The next day we started on the Garage on Parcel A, which contained a lot of valuables that had been boxed up since we'd moved out of the Glass House many years ago. In fact, I was the one who helped pack up all these boxes in the first place. Now I was moving them again. Will wonders never cease about the glory of my life!

Dad didn't have a lot of time to work with us on the Garage because he had his weekly veteran therapy group. Though he said he could skip therapy and work straight through with us. But Mom and I both agreed that he needed to go to his therapy, since he missed it the week before. He needed all the help he could get!

Dad went to therapy and Mom and I took a break for lunch. We all planned on meeting back at the garage at about 3:30 p.m.

I had lunch and did some chores. It felt nice doing chores. Chores were a glimpse of my normal routine. It was something I could do that helped me feel okay about life.

After lunch Mom had started back working, down on the garage. I showed up half an hour later and not long after Dad arrived.

"So, did therapy help?" I asked.

Dad said, "Big time."

"Did you tell them what's going on?"

"Yeah. And Greg [his therapist] said moving and divorce are two of the most traumatic things in life. Well and probably combat too," said Dad.

"Wow," I said.

We spent a few more hours moving the boxes. Some of them were quite heavy because of the books or Mom's chinaware packed in them. And today we were getting our workout loading them onto the trailer.

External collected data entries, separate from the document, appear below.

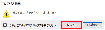 - 「筆ぐるめ xx をアンインストールしますか?」と表示されます。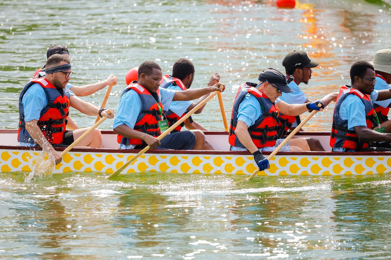 International participants row a dragon boat. (Photo courtesy of the organizer)
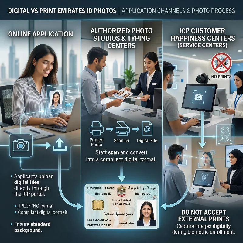 Emirates ID mandates digital biometric photos for all applications, but submission channels differ: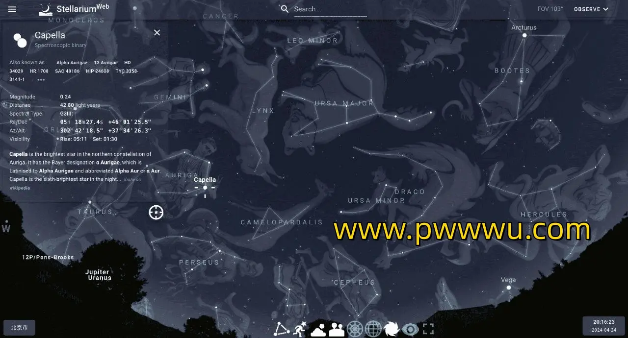 Stellarium是一个开源的天象模拟软件,深受天文爱好者的青睐。它能够以极高的精度模拟并展示夜空中各种天体,如恒星、星座、行星和彗星。用户可以根据自己的需求,选择不同的时间和地点,进行放大观察,并获取星座的图解信息。Stellarium还提供了跨平台的支持,包括Windows、Linux、macOS、iOS以及Android等多个操作系统,确保用户无论使用何种设备都能享受到星空的壮丽景象。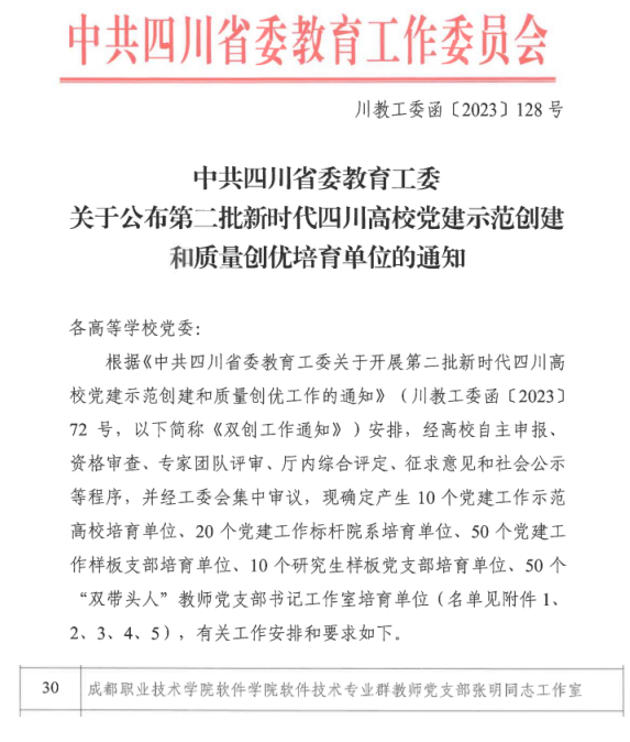 近日,四川省教育厅公示了第二批新时代四川高校党建示范创建和质量创优工作遴选结果,软件学院软件技术专业群教师党支部张明同志工作室成功入选“双带头人”教师党支部书记工作室培育单位。

Most of the boxes had been in there a long time. They were all covered with dust. Some of them had been broken into by vermin with that "gnawed on" look. Or damaged from water leaks through the roof of the Garage. But overall they looked pretty good.

We'd been smart in putting a garbage bag into each and every box. Then packing the contents into the garbage bag and sealing up the box. The garbage bags had helped protect all their possessions really well. At the time we'd packed them up, we had no idea they would be sitting in the boxes as long as they had. Now, we'd be moving them again. Mom longed for the day when she could finally unpack all of them and be surrounded by her possessions again.

I had my protective gear on. My gear consisted of leather gloves to cover my hands, a dust mask to protect my nose and mouth, and goggles to protect my eyes. When we were done moving each day, I stripped off my clothes, put them straight into the wash, and jumped into the shower. I also cleaned out my sinuses with some salt water to help remove all the dust and dirt from my nose. I didn't want to know what other particles I was ingesting or inhaling with all the dust!

My Parents had gotten the last of the outside stuff from the A-Frame, most of which was Mom's plants. Then they unloaded them at the Glass House and went back for the last major load from the Garage.

We were planning on taking a trip to town to the local coffee shop for the free Wi-Fi. But Dad ended up having a meeting he had forgotten about and had to race down the hill. I was glad. I was too tired. I made myself go for a short walk just to get my body moving. It was nice to move without having to "move".

My body was bruised and battered. I had huge horrible bruises scattered all over my legs. I looked like I had been in a fight. The poor things were extremely sore. I wanted to soak in a bath for a week and then have daily massages. But that was a life that wasn't mine.

That night I felt the most normal I'd felt in weeks. I was optimistic about our future. It was a nice change since most of my days were filled with fear. Any moment I had that was devoid of fear was a gift.

When I woke up in the morning, most of my breaths, my thoughts, were submerged in fear and shame. It was everywhere. It was who I had become, a trembling girl trying to survive in the onslaught. It took everything I had to give, not to let it destroy me. But it was there inside me, gnawing on the gristle of my soul at every opportunity.

"I ask not for a lighter burden, but for broader shoulders."